The goal is by far not to create a full fledged alternative to the existing Neo4j server. This project should focus on maximum throughput and ease of use for a cypher-only server component. To get started I’ve cloned https://github.com/ratpack/example-ratpack-gradle-groovy-app. You’ll find my code at https://github.com/sarmbruster/neo4j-ratpack.

Handling Requests

In ratpack you either write inline handlers in src/ratpack/ratpack.groovy or, for more complex cases, write a handler class derived from AbstractHandler and register that in ratpack.groovy.

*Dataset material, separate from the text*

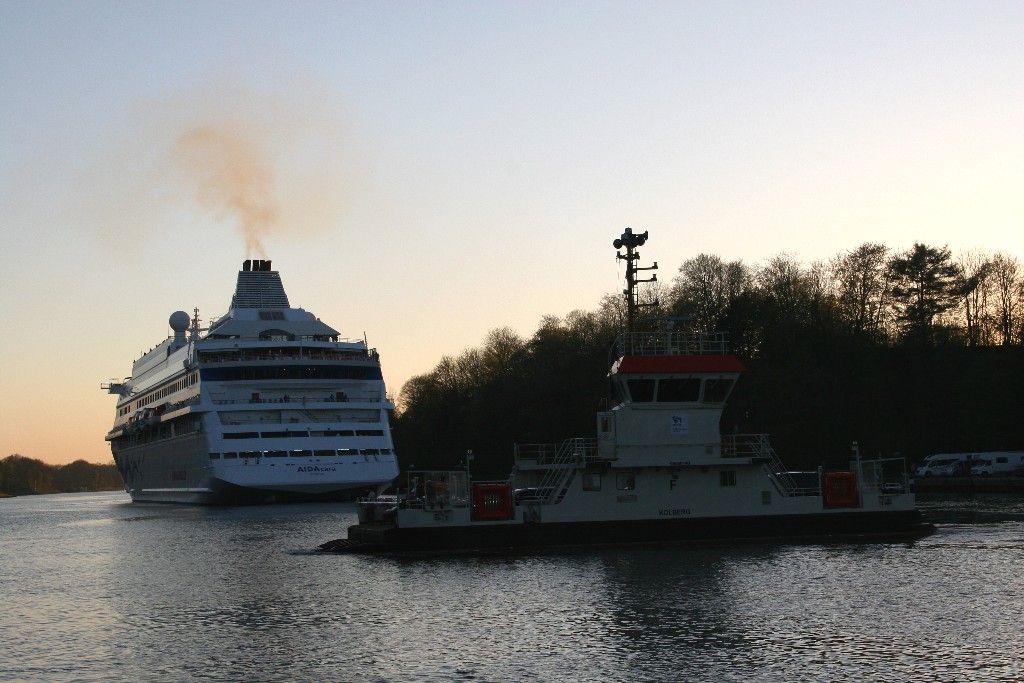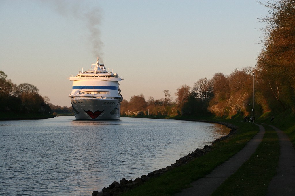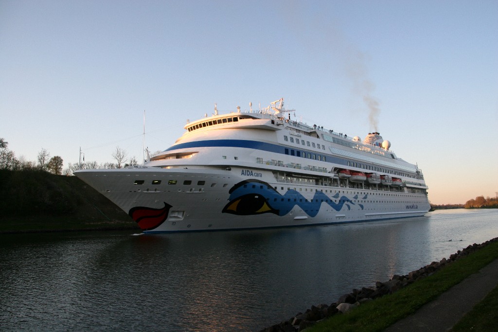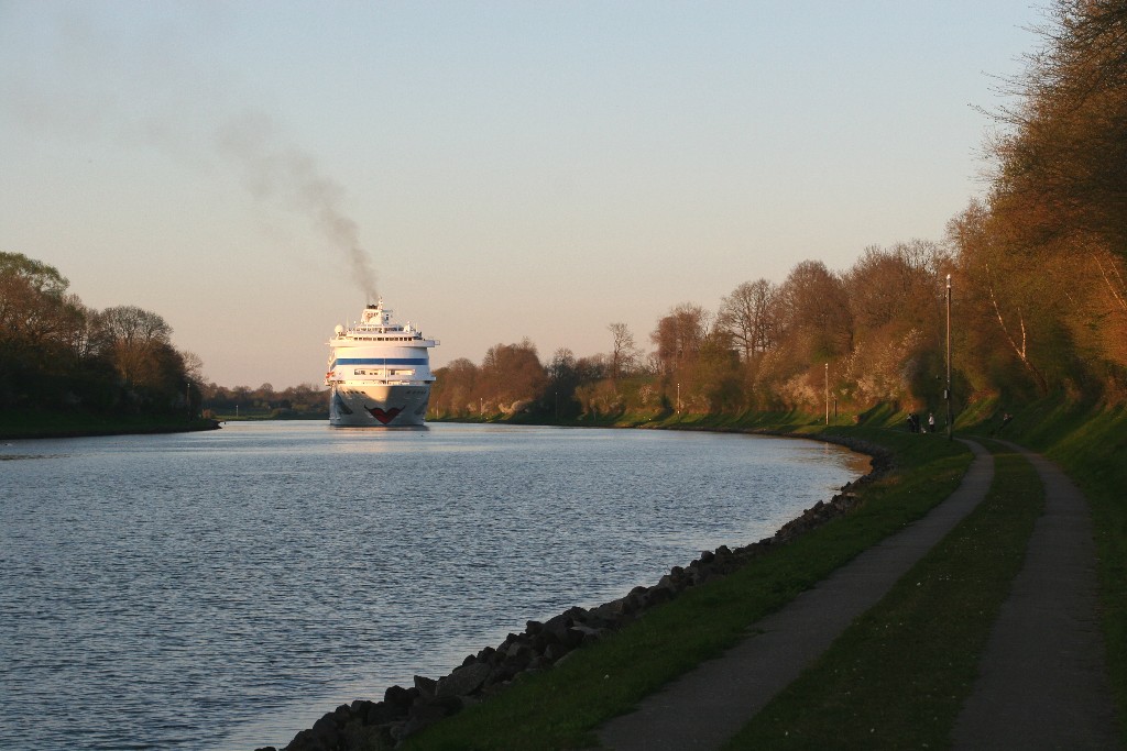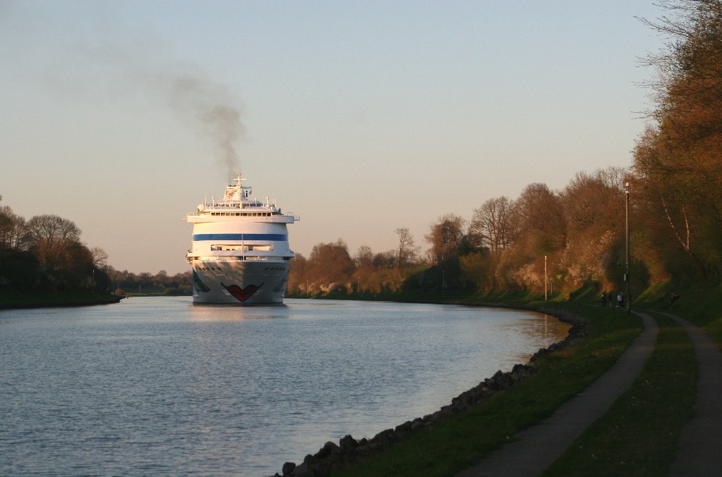 Die AIDAcara in abendliche Stimmung im Nordostseekanal kurz vor der Kanalfähre "Landwehr"
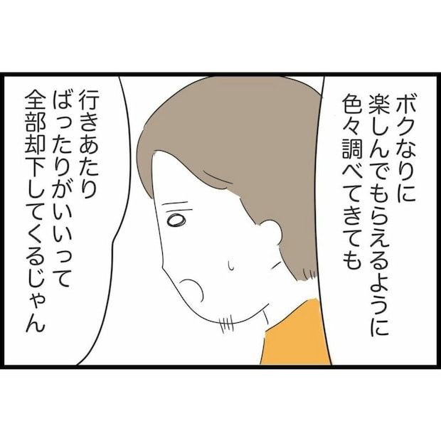 下調べせずに旅行に行き、思いつきで行動しようとするゆっきー。恋人は付き合ってくれますが、ゆっきーはわがまま放題な上に、思い通りにならないことに文句ばかりを並べます。

Ratpack features Google Guice as well, so we can register e.g. a GraphDatabaseService as injectable component. See Neo4jModule, we’re exposing and configuring a GraphDatabaseService, a Cypher ExecutionEngine, a guard (see below) and a QueryRegistry. Other components can refer to them using the @Inject constructor annotation.

The core piece of code is CypherHandler, it parses the cypher command and parameters out of the request, runs it and renders the result depending on the requested content type.

Terminate Queries

From tech perspective this was the most interesting part to write. Neo4j can be run with a optional guard. Since this feature is not part of the public API it is not officially documented and might therefore be changed without further notice – be warned. To enable the guard feature a config option execution_guard_enabled needs to be set to true. However you can get access to the guard by calling ((GraphDatabaseAPI)graphDb).dependencyResolver.resolveDependency(Guard.class). In neo4j-ratpack the guard is exposed as a guice component so any ratpack handler can just inject it.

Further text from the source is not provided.